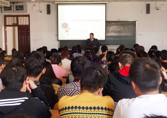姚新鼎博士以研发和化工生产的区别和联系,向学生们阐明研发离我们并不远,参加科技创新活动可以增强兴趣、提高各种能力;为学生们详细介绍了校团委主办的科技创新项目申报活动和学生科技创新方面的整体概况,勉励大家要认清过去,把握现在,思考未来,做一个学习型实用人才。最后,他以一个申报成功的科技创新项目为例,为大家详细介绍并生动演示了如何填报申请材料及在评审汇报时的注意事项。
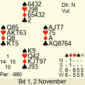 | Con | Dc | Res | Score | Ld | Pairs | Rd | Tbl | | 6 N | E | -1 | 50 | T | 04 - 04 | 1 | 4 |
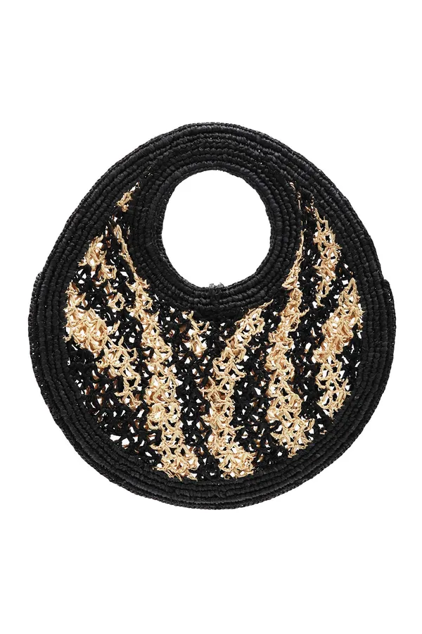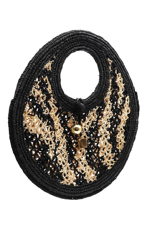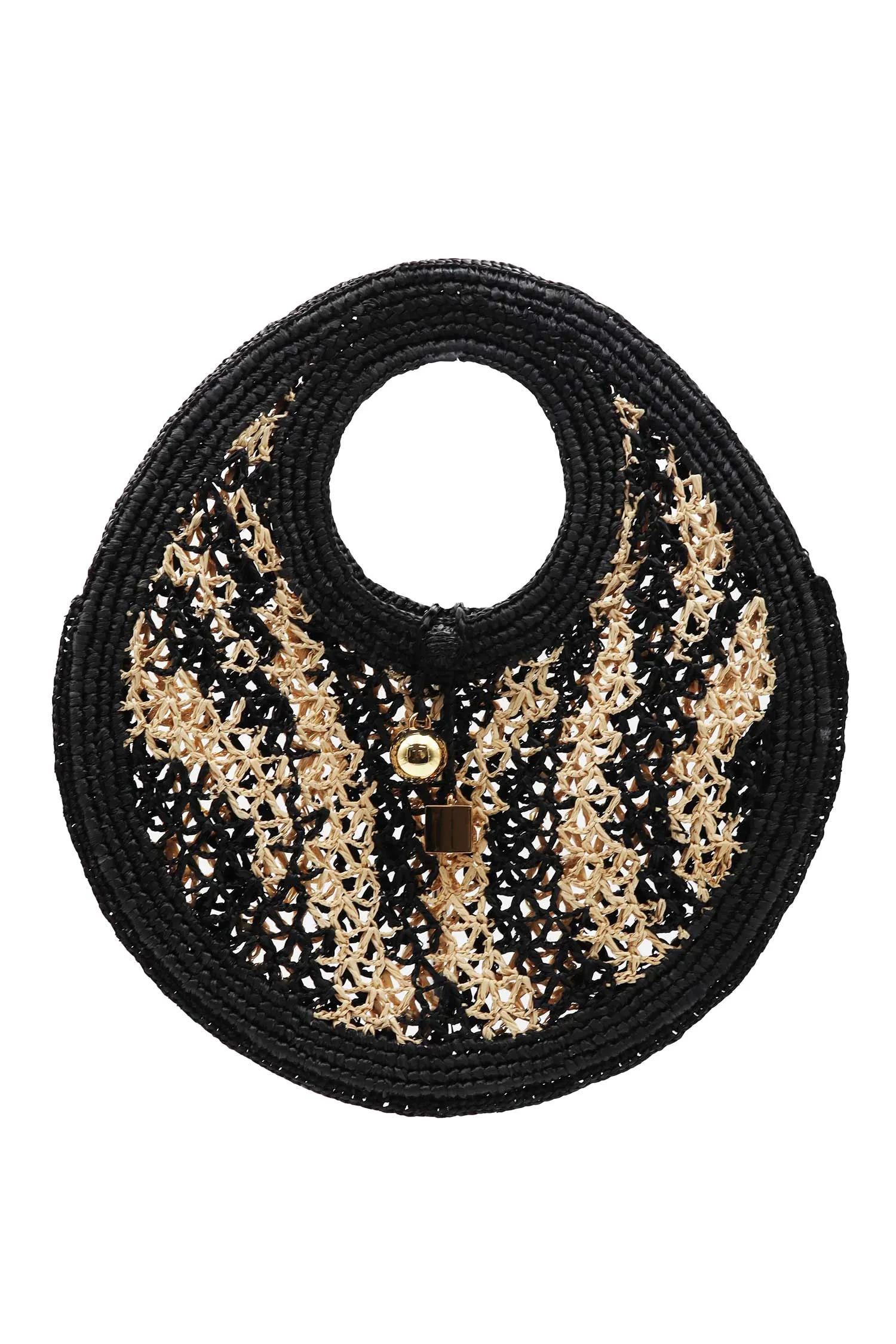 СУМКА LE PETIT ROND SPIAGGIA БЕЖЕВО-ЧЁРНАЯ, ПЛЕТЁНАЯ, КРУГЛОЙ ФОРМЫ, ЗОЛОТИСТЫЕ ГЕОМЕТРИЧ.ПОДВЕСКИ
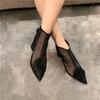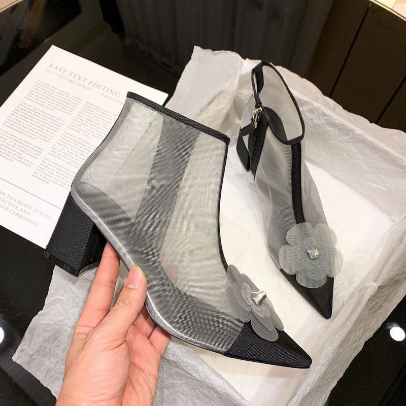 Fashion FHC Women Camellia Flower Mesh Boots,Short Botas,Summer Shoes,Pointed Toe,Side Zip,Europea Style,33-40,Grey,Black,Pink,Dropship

────────────────────────────────────────

> What needs to be done: Leaving out the pictures, restate the listing above exactly.

> Completed exercise:
姚新鼎博士以研发和化工生产的区别和联系,向学生们阐明研发离我们并不远,参加科技创新活动可以增强兴趣、提高各种能力;为学生们详细介绍了校团委主办的科技创新项目申报活动和学生科技创新方面的整体概况,勉励大家要认清过去,把握现在,思考未来,做一个学习型实用人才。最后,他以一个申报成功的科技创新项目为例,为大家详细介绍并生动演示了如何填报申请材料及在评审汇报时的注意事项。
 | Con | Dc | Res | Score | Ld | Pairs | Rd | Tbl | | 6 N | E | -1 | 50 | T | 04 - 04 | 1 | 4 |
 СУМКА LE PETIT ROND SPIAGGIA БЕЖЕВО-ЧЁРНАЯ, ПЛЕТЁНАЯ, КРУГЛОЙ ФОРМЫ, ЗОЛОТИСТЫЕ ГЕОМЕТРИЧ.ПОДВЕСКИ
 Fashion FHC Women Camellia Flower Mesh Boots,Short Botas,Summer Shoes,Pointed Toe,Side Zip,Europea Style,33-40,Grey,Black,Pink,Dropship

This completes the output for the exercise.